**REQUIRED ACTION:**
Set down again exactly the lines of the listing below that fall between the line holding "3D第2015013期太湖字谜:五粮液,二锅头,比喝酒,无敌手" and the line holding "За полагање пријемног", inclusive.
(DATASET CONTENT)
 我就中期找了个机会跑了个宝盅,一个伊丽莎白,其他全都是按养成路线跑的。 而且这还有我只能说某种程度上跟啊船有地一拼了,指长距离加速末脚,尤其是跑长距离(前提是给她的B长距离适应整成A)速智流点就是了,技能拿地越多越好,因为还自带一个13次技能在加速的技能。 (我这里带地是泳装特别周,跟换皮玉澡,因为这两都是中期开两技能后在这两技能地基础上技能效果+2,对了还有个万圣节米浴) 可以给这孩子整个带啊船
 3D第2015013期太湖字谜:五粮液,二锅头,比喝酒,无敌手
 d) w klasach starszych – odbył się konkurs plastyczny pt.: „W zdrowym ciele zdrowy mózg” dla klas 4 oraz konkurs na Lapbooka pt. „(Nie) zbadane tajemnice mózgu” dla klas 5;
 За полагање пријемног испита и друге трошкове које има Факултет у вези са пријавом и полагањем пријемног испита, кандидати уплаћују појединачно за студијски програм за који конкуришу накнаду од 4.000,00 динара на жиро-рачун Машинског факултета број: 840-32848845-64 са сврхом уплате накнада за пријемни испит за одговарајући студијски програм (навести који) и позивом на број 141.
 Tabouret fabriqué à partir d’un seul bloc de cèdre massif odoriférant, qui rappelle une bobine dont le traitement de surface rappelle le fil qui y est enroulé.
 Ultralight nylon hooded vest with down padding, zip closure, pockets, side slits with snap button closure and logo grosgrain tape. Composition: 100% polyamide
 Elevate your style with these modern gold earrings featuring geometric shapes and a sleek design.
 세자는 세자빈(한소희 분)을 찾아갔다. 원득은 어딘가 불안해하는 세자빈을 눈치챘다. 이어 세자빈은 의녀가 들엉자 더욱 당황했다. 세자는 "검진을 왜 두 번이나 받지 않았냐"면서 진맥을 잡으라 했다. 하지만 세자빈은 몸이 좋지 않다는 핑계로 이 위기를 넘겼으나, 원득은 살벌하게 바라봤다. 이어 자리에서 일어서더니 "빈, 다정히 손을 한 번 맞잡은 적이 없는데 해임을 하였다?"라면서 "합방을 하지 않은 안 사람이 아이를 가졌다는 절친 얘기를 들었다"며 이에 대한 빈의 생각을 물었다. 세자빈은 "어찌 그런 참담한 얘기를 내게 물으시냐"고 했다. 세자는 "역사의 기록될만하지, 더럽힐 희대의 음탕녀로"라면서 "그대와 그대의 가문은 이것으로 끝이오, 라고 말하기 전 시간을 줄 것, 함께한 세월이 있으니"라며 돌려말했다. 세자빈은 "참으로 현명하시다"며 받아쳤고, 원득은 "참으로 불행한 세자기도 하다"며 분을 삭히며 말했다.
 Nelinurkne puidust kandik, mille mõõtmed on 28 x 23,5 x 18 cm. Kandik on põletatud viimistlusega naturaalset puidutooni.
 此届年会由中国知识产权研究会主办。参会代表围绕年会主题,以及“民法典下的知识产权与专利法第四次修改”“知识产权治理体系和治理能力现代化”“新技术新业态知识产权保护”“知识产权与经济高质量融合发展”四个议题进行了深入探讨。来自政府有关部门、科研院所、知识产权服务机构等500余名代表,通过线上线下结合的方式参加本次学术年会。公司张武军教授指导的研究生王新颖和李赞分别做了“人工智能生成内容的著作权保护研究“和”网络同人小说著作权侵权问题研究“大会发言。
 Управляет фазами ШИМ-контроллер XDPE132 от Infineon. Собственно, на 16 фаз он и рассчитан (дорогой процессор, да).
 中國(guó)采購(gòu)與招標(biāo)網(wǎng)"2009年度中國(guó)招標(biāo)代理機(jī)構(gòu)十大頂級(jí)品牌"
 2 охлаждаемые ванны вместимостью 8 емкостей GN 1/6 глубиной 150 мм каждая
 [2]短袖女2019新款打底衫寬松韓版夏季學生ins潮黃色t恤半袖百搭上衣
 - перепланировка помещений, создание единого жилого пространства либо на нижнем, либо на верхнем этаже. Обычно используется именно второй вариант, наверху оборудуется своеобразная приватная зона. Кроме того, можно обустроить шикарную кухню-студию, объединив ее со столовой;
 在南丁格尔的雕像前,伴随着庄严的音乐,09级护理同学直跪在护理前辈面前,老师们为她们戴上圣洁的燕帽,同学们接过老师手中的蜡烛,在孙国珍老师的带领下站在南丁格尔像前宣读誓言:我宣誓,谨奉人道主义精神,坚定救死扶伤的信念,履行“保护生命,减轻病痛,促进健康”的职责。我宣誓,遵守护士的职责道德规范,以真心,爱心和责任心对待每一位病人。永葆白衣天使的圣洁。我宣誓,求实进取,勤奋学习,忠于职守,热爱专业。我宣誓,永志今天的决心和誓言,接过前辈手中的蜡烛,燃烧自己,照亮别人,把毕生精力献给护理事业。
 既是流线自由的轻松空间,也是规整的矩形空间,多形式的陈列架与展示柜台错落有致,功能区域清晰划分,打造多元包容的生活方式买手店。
(End DATASET CONTENT)
**RESULT:**
 3D第2015013期太湖字谜:五粮液,二锅头,比喝酒,无敌手
 d) w klasach starszych – odbył się konkurs plastyczny pt.: „W zdrowym ciele zdrowy mózg” dla klas 4 oraz konkurs na Lapbooka pt. „(Nie) zbadane tajemnice mózgu” dla klas 5;
 За полагање пријемног испита и друге трошкове које има Факултет у вези са пријавом и полагањем пријемног испита, кандидати уплаћују појединачно за студијски програм за који конкуришу накнаду од 4.000,00 динара на жиро-рачун Машинског факултета број: 840-32848845-64 са сврхом уплате накнада за пријемни испит за одговарајући студијски програм (навести који) и позивом на број 141.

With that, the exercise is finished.